Moreover, the TVB-N value of the spoiled sausages reached 302.5 mg/kg and was approximately three times more than that of the unspoiled sausages (78.2 mg/kg).
The pH differed and was about 5.9 in unspoiled sausages and 6.3 in spoiled sausages (p < 0.05); in contrast, the Aw was similar at a level of 0.92.
The different pH values between the two types of sausages were confirmed by the analysis of the lactic acid concentration. In the unspoiled sausages, the mean of lactic acid concentration was 120.4 mg/100 g, which was higher than that of the unspoiled sausages (Table 2), and it remained at 85.3 mg/100 g, showing a significant difference (p < 0.05).

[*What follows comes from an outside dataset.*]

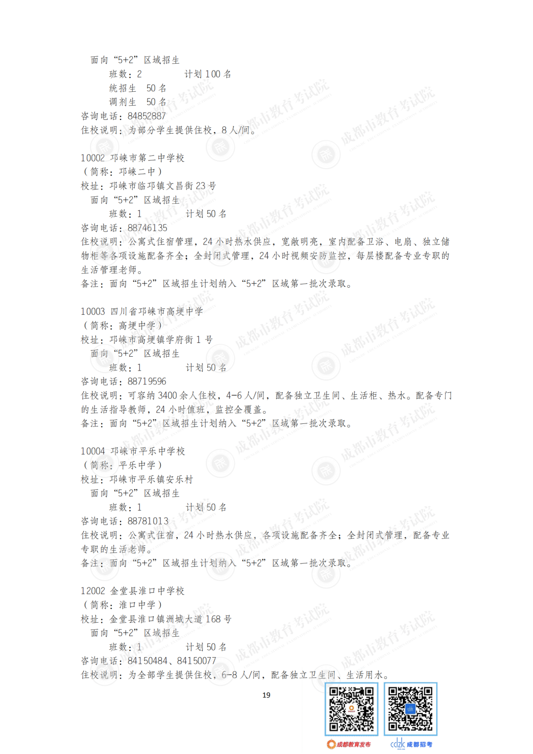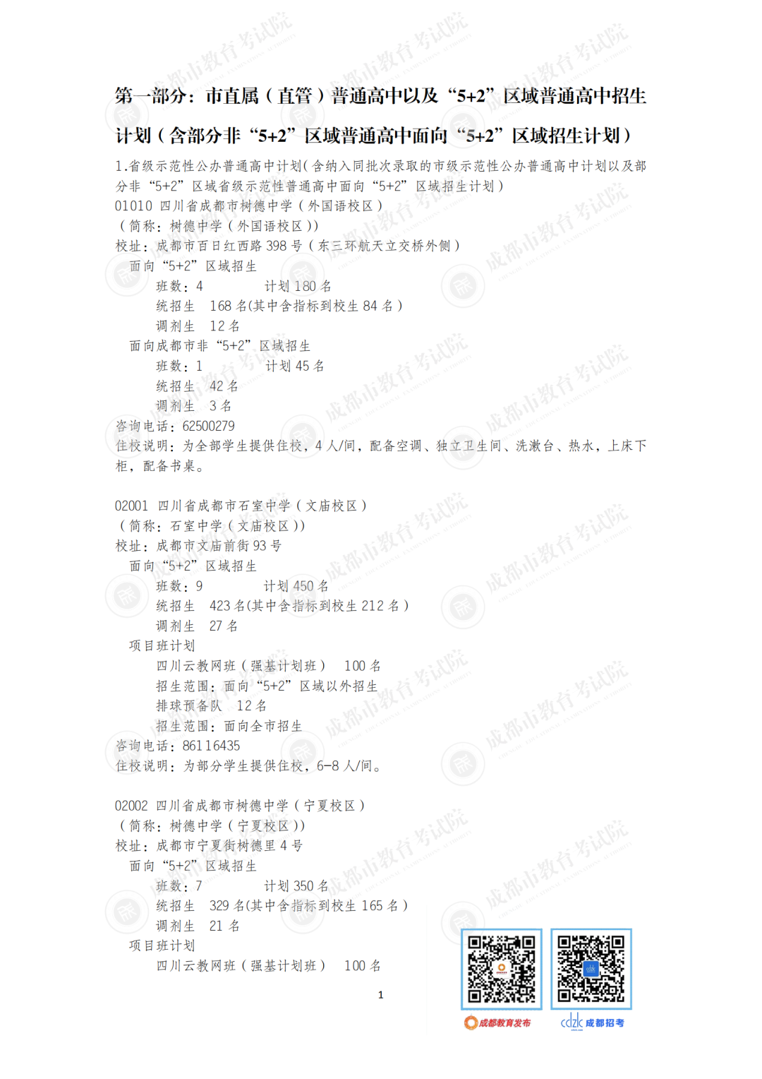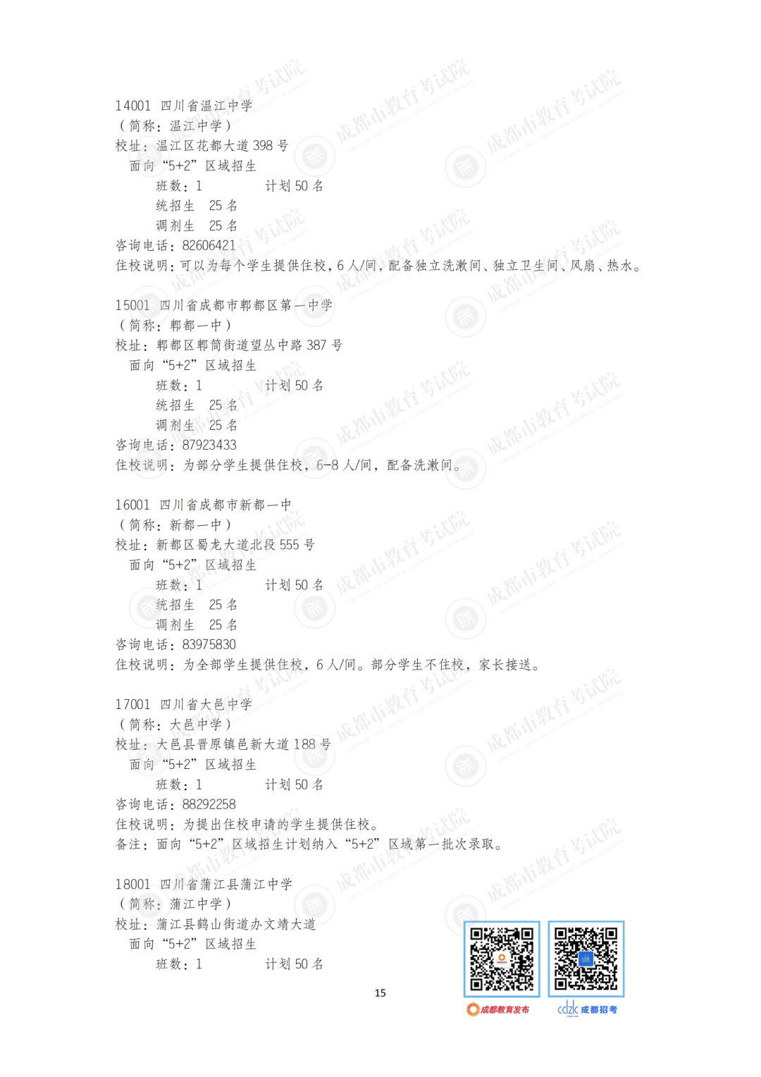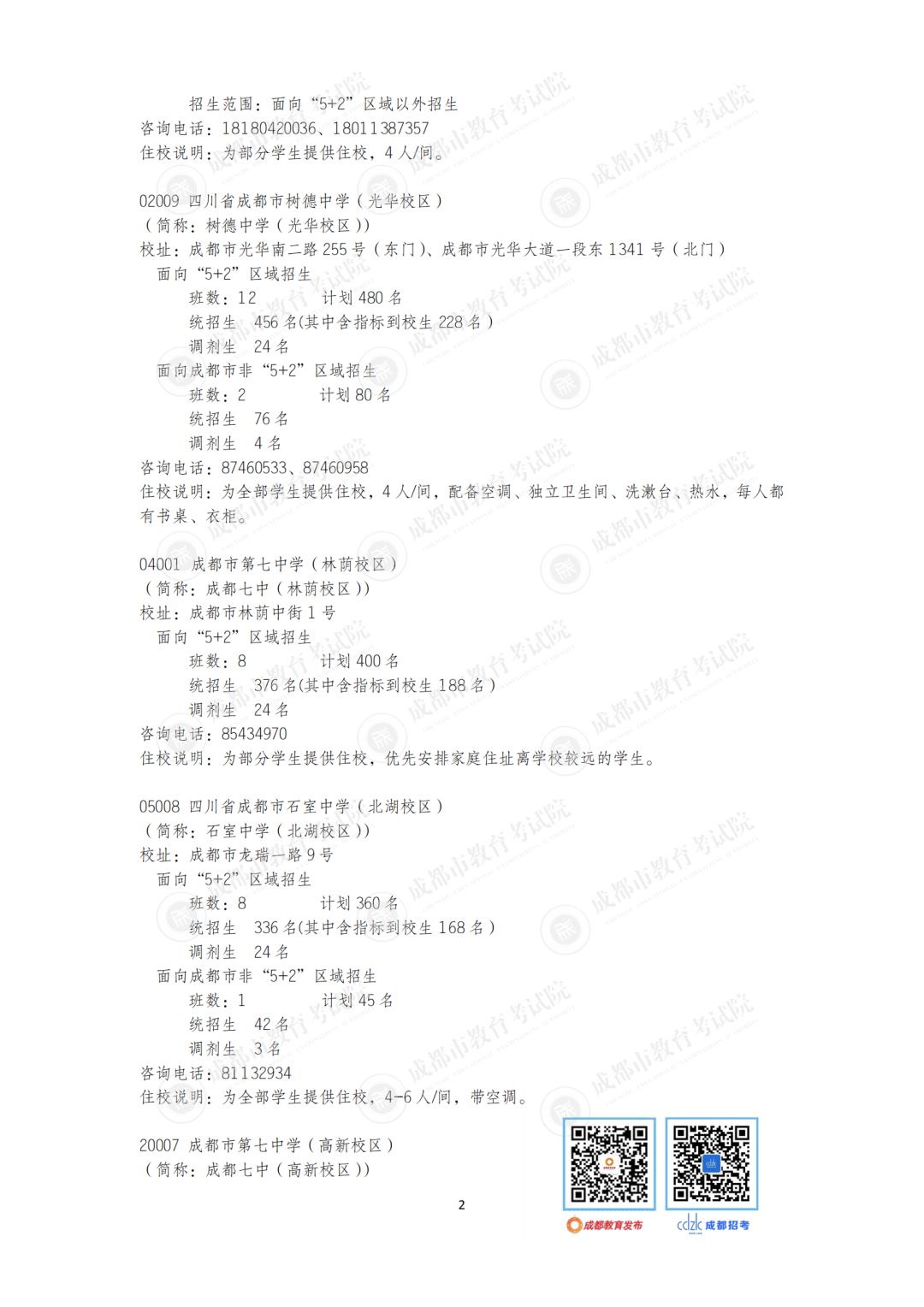 今年,石室中学、成都七中、树德中学等“5+2”区域的优质高中面向非“5+2”区域等招收42个班。成都市非“5+2”区域的优质高中面向“5+2”区域招收32个班1600人,较2020年增加6个班300人。郊区新城优质高中学校面向“5+2”区域招生的计划在第一批录取;龙泉驿区、青白江区、新都区、温江区、双流区和郫都区等6个区的优质高中学校面向“5+2”区域招生的计划在第二批和第四批录取。

The colour of the spoiled sausages, as expressed by the evaluation of L*, a* and b*, was not significantly different (p > 0.05) from that of the unspoiled sausages (Table 2). However, the ΔE parameter was also different between the spoiled and unspoiled products. The ΔE value allows us to identify the difference between two colours and, in this case, between the two types of sausages. The ΔE value was 2.5; consequently, the colour of the two types of sausages was perceptible at a glance. In particular, the colour of the spoiled sausage appears clearer than that of the unspoiled sausage, and this depends on natural oxidative phenomena induced by heterofermenting LAB, which predominate in these types of sausages and are involved in spoilage.
The concentration of BA detected in the two samples is reported in Table 3. Spermine, spermidine and 2-phenylethylamine contents were always below the limit of detection (< 3 mg/kg). Histamine was identified only in the unspoiled sausages but at a low level (5.6 mg/kg). The spoiled products had high concentrations of putrescine (242.5 mg/kg), cadaverine (510.4 mg/kg) and tyramine (388.3 mg/kg), while in the unspoiled products, only low concentrations of cadaverine (8.1 mg/kg) were detected. Despite the absence of histamine in the spoiled sausages, which is the only amine subjected to limitation in fish and fishery products (REG. EEC 2073/05), the relevant presence of other amines (especially tyramine) can be considered worrying in relation to EFSA indications [49].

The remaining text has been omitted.